* **Your objective**
Your output should be the records below, word for word and picture-free.

Data shown Start Marker

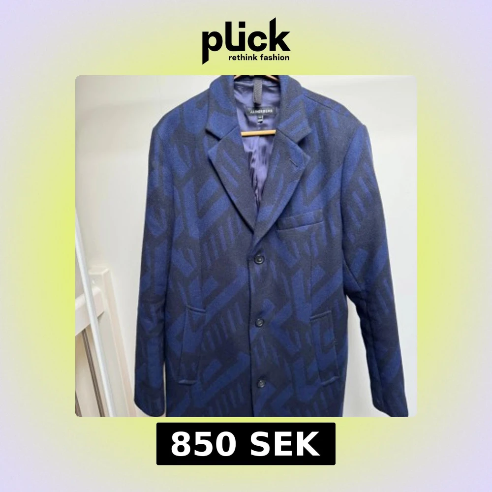 Säljer en snygg blå kavaj från J.Lindeberg med geometriskt mönster i mörkblått. Kavajen har klassisk krage, tre knappar framtill och tre fickor. Fodrad insida och tillverkad i ullblandning. Perfekt för dig som vill sticka ut med stil.
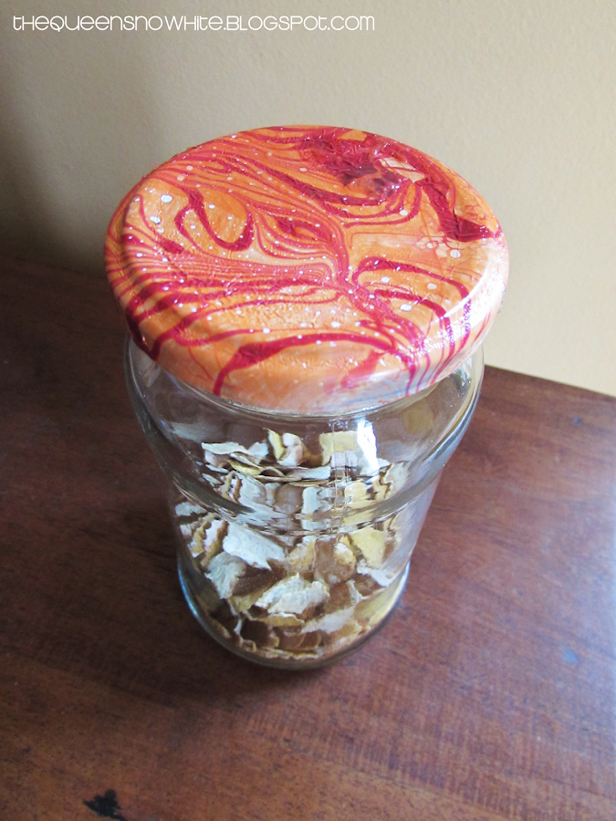 Este es el resultado final ?. Les van a quedar frascos con tapas originales y únicas. No puse una foto del frasco dorado puesto a que las únicas que tenía salieron algo movidas y no me gustaron.
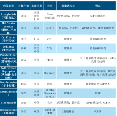 ▲目前全球肥胖症主流治疗药物一览来源:参考资料4
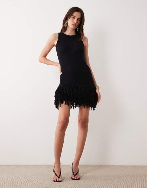 ASOS DESIGN slubby fringed mini dress in black
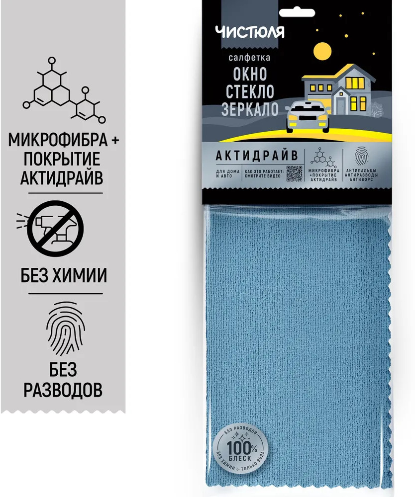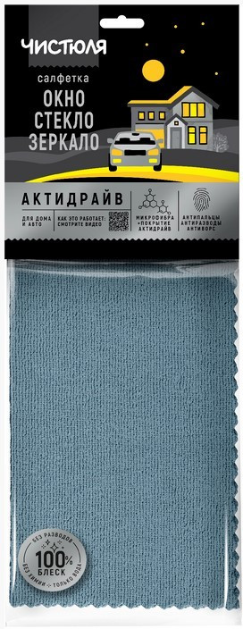 Чистюля Салфетка для мытья окон, стёкол и зеркал «Актидрайв»+52

Data shown End Marker

* **Response area**
 Säljer en snygg blå kavaj från J.Lindeberg med geometriskt mönster i mörkblått. Kavajen har klassisk krage, tre knappar framtill och tre fickor. Fodrad insida och tillverkad i ullblandning. Perfekt för dig som vill sticka ut med stil.
 Este es el resultado final ?. Les van a quedar frascos con tapas originales y únicas. No puse una foto del frasco dorado puesto a que las únicas que tenía salieron algo movidas y no me gustaron.
 ▲目前全球肥胖症主流治疗药物一览来源:参考资料4
 ASOS DESIGN slubby fringed mini dress in black
 Чистюля Салфетка для мытья окон, стёкол и зеркал «Актидрайв»+52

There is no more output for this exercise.